What is IEC 62304 and why we hit two birds with one stone with ISO 13485

Perhaps you have already learned from our blog that we want to get certified according to ISO 13485.

ISO 13485 is a standard for requirements of the quality management system, specifically for the development of medical products. It serves to ensure the product, as well as the safety of the patient and the user.

But this is just a small refresher. This blog article is about the IEC 62304.

What is IEC 62304?

IEC stands for International Electrotechnical Commission.

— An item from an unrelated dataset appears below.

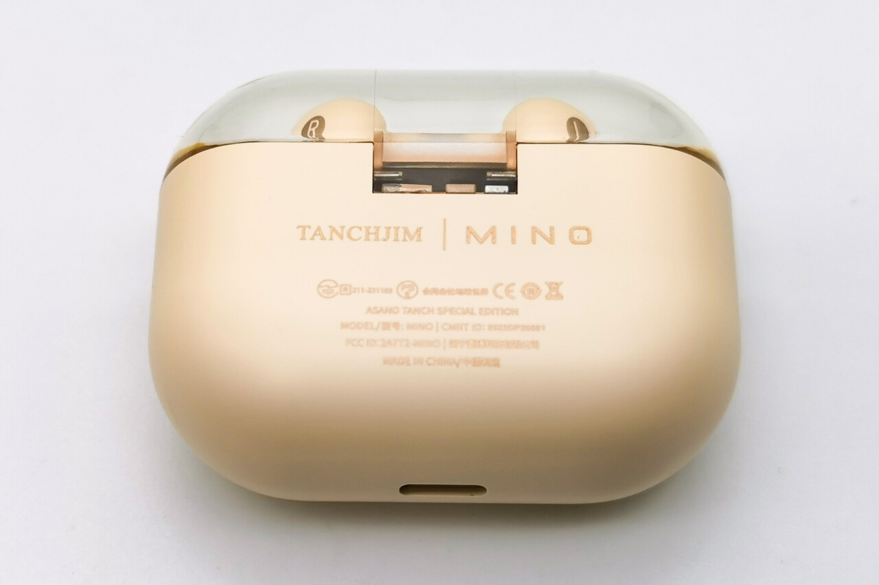 本体デザインはオリジナルの「MINO」を踏襲しており、充電ケースは透明パーツのフタにAirPods Pro型の形状のイヤホン本体。「TANCHJIM MINO Asano Tanch」ではライトイエローのカラーリングで、充電ケースには「浅野てんき(Asano Tanch)」キャラクターイラストがプリントされています。なおケース裏面には技適マークもプリントされており、日本国内利用も問題ないようです。

The IEC 62304 is therefore a collection of proven practices for the development of medical software established by this Commission.It is the successor to the American ANSI/AAMI SW68 and places more emphasis on the software in medical devices and the associated risks.

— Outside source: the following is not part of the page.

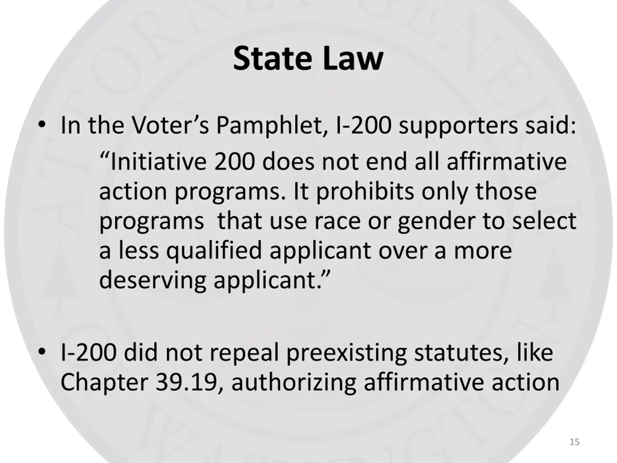 State Law In the Voter s Pamphlet, I-200 supporters said: Initiative 200 does not end all affirmative action programs. It prohibits only those programs that use race or gender to select a less qualified applicant over a more deserving applicant. I-200 did not repeal preexisting statutes, like Chapter 39.19, authorizing affirmative action 15
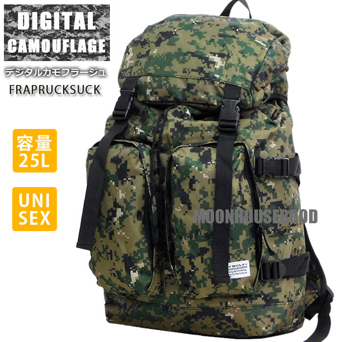 - 送料無料 ミリタリー柄 大容量 リュック メンズ レディース フラップ リュックサック デジタル カモフラージュ デジカモ 迷彩柄グリーン□

As the proportion of software in the medical field becomes increasingly larger and more significant, it is now indispensable to establish guidelines for its development to prevent potential risks. Therefore, the IEC 62304 sets detailed requirements for the processes and activities carried out in the development of this software.

 

Special attention is given to the software lifecycle, which consists of the following 3 phases:

• Phase 1: Software Development
• Phase 2: Software Maintenance
• Phase 3: Software Shutdown

The latter phase is to be prevented as long as possible by alternating execution of phase 2. However, in order not to fall behind the constantly evolving state of technology after just a few years, a necessary structure must be considered during development.

 

The IEC 62304 therefore covers 5 topic areas:

• Software Development
• Software Maintenance
• Software Risk Management
• Software Configuration Management
• Software Problem Solving

The requirements for a work step under these processes are defined with a focus on the safety risk of the respective work step.

 

The basis for this are the safety classes defined according to ISO 14971:

• A: no injury or harm to health
• B: no severe injury possible
• C: death or severe injury possible

The risk is calculated according to ISO 14971 based on the probability of occurrence times the severity. With software, it cannot be determined in advance whether an error will occur. Therefore, the probability is provisionally set at 100%, which means that only the question of how high the severity is when an error occurs is taken into account.

 

For software development, the use of a clear method that supports the separability of individual work steps is recommended. These would be, for example, the waterfall method, the incremental method, or the evolutionary method.

 

Exemplary process models: Waterfall, incremental, evolutionary.

 

They allow the separate handling of work steps with higher security levels. This provides a better overview of the necessary requirements and their implementation.

All fundamental aspects of software engineering must be covered in development, regardless of the security class involved.However, risk countermeasures, system architecture and integration, as well as integration tests must only be established and applied from safety class B onwards.

From safety class C onwards, standards, methods and tools must be recorded in advance in a development plan and a documentation of the work steps must be kept. More details are specified in ISO 61508.

If the process of work development is carried out carefully, it facilitates the other processes considerably. Precise procedures for these are also defined in the IEC 62304. The software risk management, for example, can be implemented according to the ISO 14971.If the given standards are adhered to, software for medical products can be implemented efficiently and in accordance with the requirements. Moreover, not only medical devices are considered medical products. Even software that is only partially related to the healthcare sector must have been developed according to the prescribed standards!

IEC 62304 Certification and the matter of killing two birds with one stone

Of course, we want to assure you that our products meet the standards. Therefore, we would like to point out here that a simple certification according to IEC 62304 is not sufficient!

Because everyone is entitled to issue such a certificate.Accordingly, it is not allowed to develop medical products if you only have a certification for IEC 62304!

That's why we are getting certified according to ISO 13485. Because the examination for ISO 13485 is carried out by accredited bodies. They also check for conformity with IEC 62304

This means that a company that is certified according to ISO 13485 is also tested according to IEC 62304 at the same time!